The current standard for prostate cancer staging is the American Joint Committee on Cancer (AJCC) Tumor, Lymph Node, and Metastasis (TNM) Staging System [9,10]. This system relies on five key clinical–pathologic factors: the tumor size and extent (T), spread to lymph nodes (N), presence of metastasis (M), PSA levels (P), and Grade Group (G) [9,11]. The AJCC TNM system classifies prostate cancer into four stages [9]. Stage I is a non-palpable tumor that is undetectable by digital rectal exam (DRE) or imaging. In Stage II, the tumor is larger and detectable within the prostate by DRE or imaging. Stage III tumors have spread to nearby tissues such as seminal vesicles, while Stage IV indicates the tumor has metastasized to distant parts of the body, such as lymph nodes or bones. Localized prostate cancer (stages I, II, and IIIA) and regional prostate cancer metastasized to lymph nodes (stages IIIB and IVA) have an almost 99% five year survival rate, and distant prostate cancer (stage IVB) and unknown or unstaged prostate cancer have a five year relative survival rate of 34% and 92%, respectively [8]. Though staging is important to guide treatment modalities, the AJCC TNM System has significant limitations. It omits potentially important variables and has shown limited accuracy in predicting progression and recurrence. As demonstrated by the current AJCC standards, there is illogical staging of localized prostate cancer as stage IIIA along with the other localized prostate cancer stages I and II. The stage IIIA discrepancy is further highlighted as stage IIIA is treated as localized prostate cancer in contrast to stage IIIB, as regional prostate cancer. Other studies demonstrate the difficulty in distinguishing survival outcomes between stage III and stage IV patients [12]. Attempts to revise or improve the AJCC staging have been limited. For example, Sun et al. [12] proposed a modified staging system based on a nomogram that integrates T, N, and M stages, primary and secondary Gleason pattern scores, and PSA levels. However, nomograms rely on the proportional hazards assumption, which is often violated in real-world datasets, limiting their prognostic accuracy. In addition, there are no standardized guidelines for translating nomogram scores into discrete risk groups, reducing their practical utility.

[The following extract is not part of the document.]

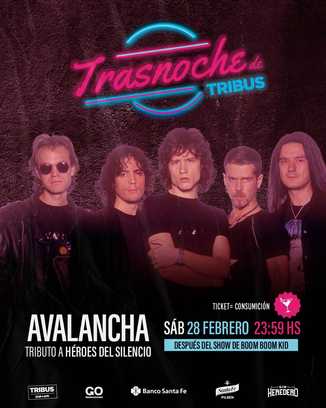 SÁBADO 28 DE FEBRERO A LAS 23.59 HS: El Trasnoche de Tribus llega con Avalancha y todos los clásicos de Héroes del Silencio. Adquirí tu ticket válido por una consumición en la boletería de Tribus.

To overcome these limitations, we applied the Ensemble Algorithm for Clustering Cancer Data (EACCD) [13,14] to develop a more accurate prognostic system. This machine learning algorithm has been successfully used to cluster survival data to identify highly accurate prognostic groups from survival data for other cancers, including breast [15,16], colorectal [17], and lung cancer [18], as well as in ovarian [19] and endometrial cancers [20], Hodgkin and Non-Hodgkin lymphoma [21], and melanomas [22]. By using EACCD on population-level SEER data, we aim to enhance prostate cancer staging and provide a more accurate tool for predicting patient outcomes. We first constructed models using the five standard AJCC variables and then extended them by incorporating age and race, two well-established prognostic factors not currently included in the AJCC system. We subsequently evaluated the performance of the EACCD models using the validation dataset.

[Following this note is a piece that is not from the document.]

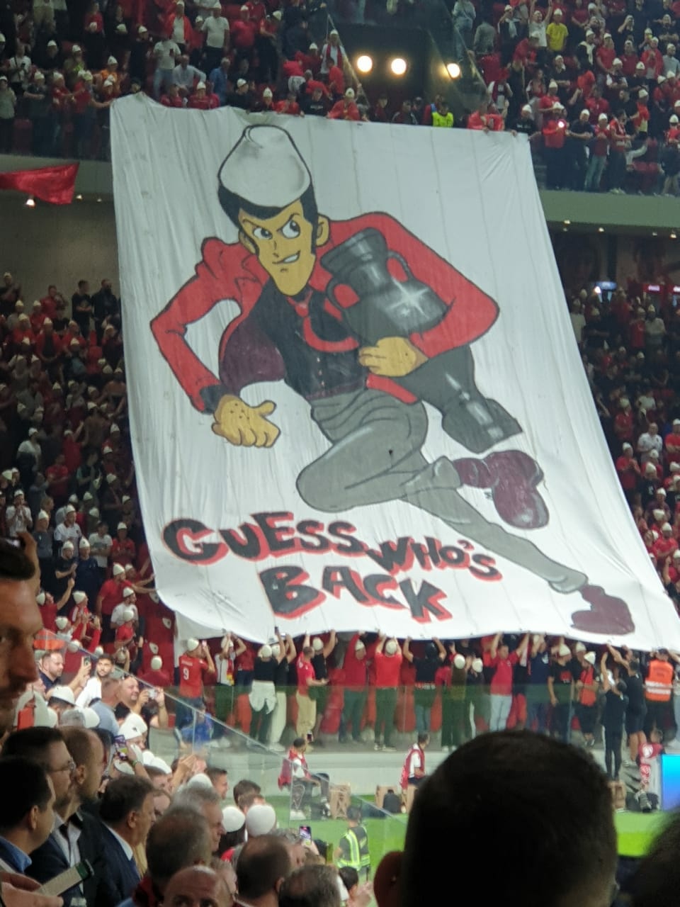 Mesazhi ishte i qartë, objektivi i vetëm është… Euro 2024, ku kuqezinjtë janë më pranë se kurrë. Në një koregrafi unike shfaqet “Hajduti” Lupin, një personazh i famshëm që njihet për vjedhjet e sendeve me vlerë. “Shikoni kush është kthyer”, shkruhet aty, ndërsa në foto është dikush me plis, me kupë në dorë./PANORAMASPORT.AL
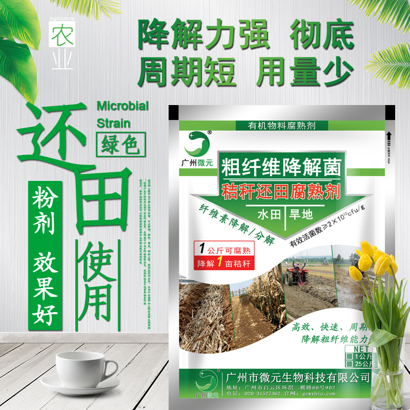 秸稈腐熟劑是根據玉米秸稈、小麥秸稈等農作物秸稈研發的秸稈腐熟粗纖維菌劑,秸稈中富含有機質、氮、磷、鉀和微量元素,是農業生產的有機肥源之一。秸稈腐熟劑能迅速將秸稈堆料中的碳、氮、磷、鉀等分解礦化,形成簡單有機物,從而進一步分解為作物可吸收的營養成分。同時,消除了秸稈堆料中的病蟲害、雜草種子等有害物質。秸稈或其它有機廢棄物(如禽畜糞便、廢煙末等等)的生物處理是將其無害化、資源化的有效處理技術,歐美及世界許多國家已進行多項產業化開發,其中重要的方法之一即是采用腐熟劑技術。

This paper is organized as follows: Section 2 describes the methods, Section 3 presents the results, and Section 4 provides the conclusions.
2. Methods
2.1. Clinical–Pathologic Datasets
Prostate cancer data as identified by the International Classification of Disease for Oncology (Third Edition) [ICD-O-3] histology code (C61.9) were extracted from de-identified data on patient demographics from the National Institutes of Health (NIH) National Cancer Institute (NCI) Surveillance, Epidemiology, and End Results Program (SEER) database. A total of 254,390 out of the total 354,781 prostate patients diagnosed between 2010 and 2015 were retrieved from 17 datasets from the SEER 17 Registries Database 2023 version [23]. SEER cases before 2010 were excluded to reflect the same revision criteria as AJCC’s TNM Staging Editions used to diagnose prostate cancers on or after 1 January 2020, with the adoption of the PSA and Grade Group. Cases after 2015 were also excluded because 2015 was the last year that allowed a follow up year of at least five years. For the study data, survival time measured in months were included in the prostate-specific survival analysis.

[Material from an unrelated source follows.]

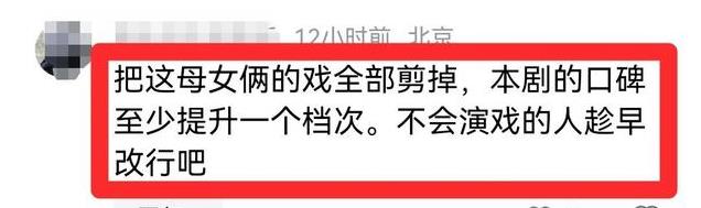 有网友吐槽道,“把这母女的戏全部删掉,本剧的口碑至少提升一个档次”。
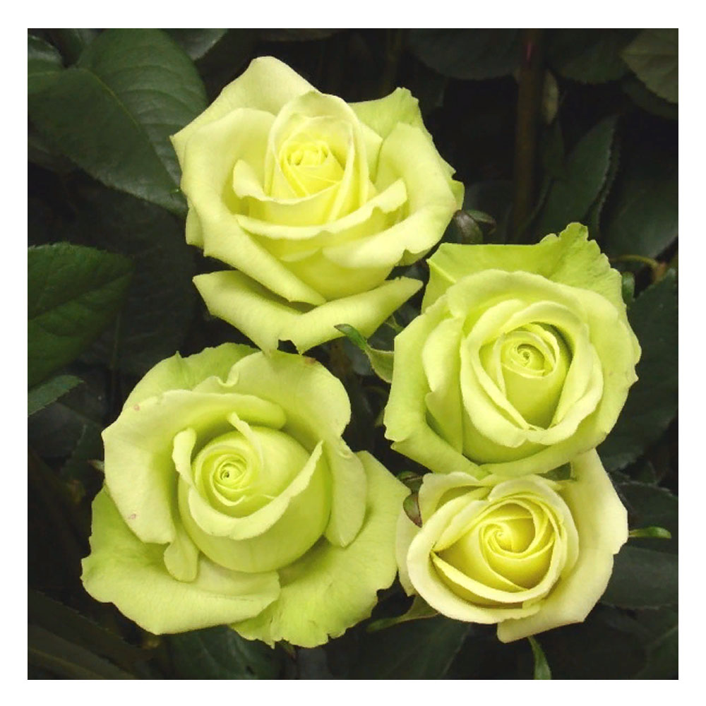 Meilland. Куст розы сорта Jade невысокий, прямой с прочными ровными стеблями, что делает ее пригодной для срезки. Эта роза отлично подходит для выращивания в открытом грунте, благодаря своей зимостойкости, а из-за высокой устойчивости к болезням розу Jade под силу выращивать даже начинающим садоводам. Цветки жёлтые с зеленцой, крупные, диаметром 12 см, густомахровые. Ароматные. Повторноцветущий. Кусты высотой 80-100 см.

Following the AJCC staging system, this study included five primary variables: Tumor (T), Lymph Node (N), Metastasis (M), PSA (P), and Grade Group (G). Additionally, two other variables—Age (A) and Race (R)—were included due to their established prognostic influence [24,25,26,27]. A detailed description of these seven variables is provided in Table 1. The original AJCC staging system is outlined in Table 2, compiled from information in the literature [9,10].
Other variables used in clinical prognosis such as androgen deprivation therapy, neoadjuvant androgen deprivation therapy, and genetic predisposition to prostate cancer from family lineage were not collected in the SEER database. Therefore, they could not be included in the EACCD calculations.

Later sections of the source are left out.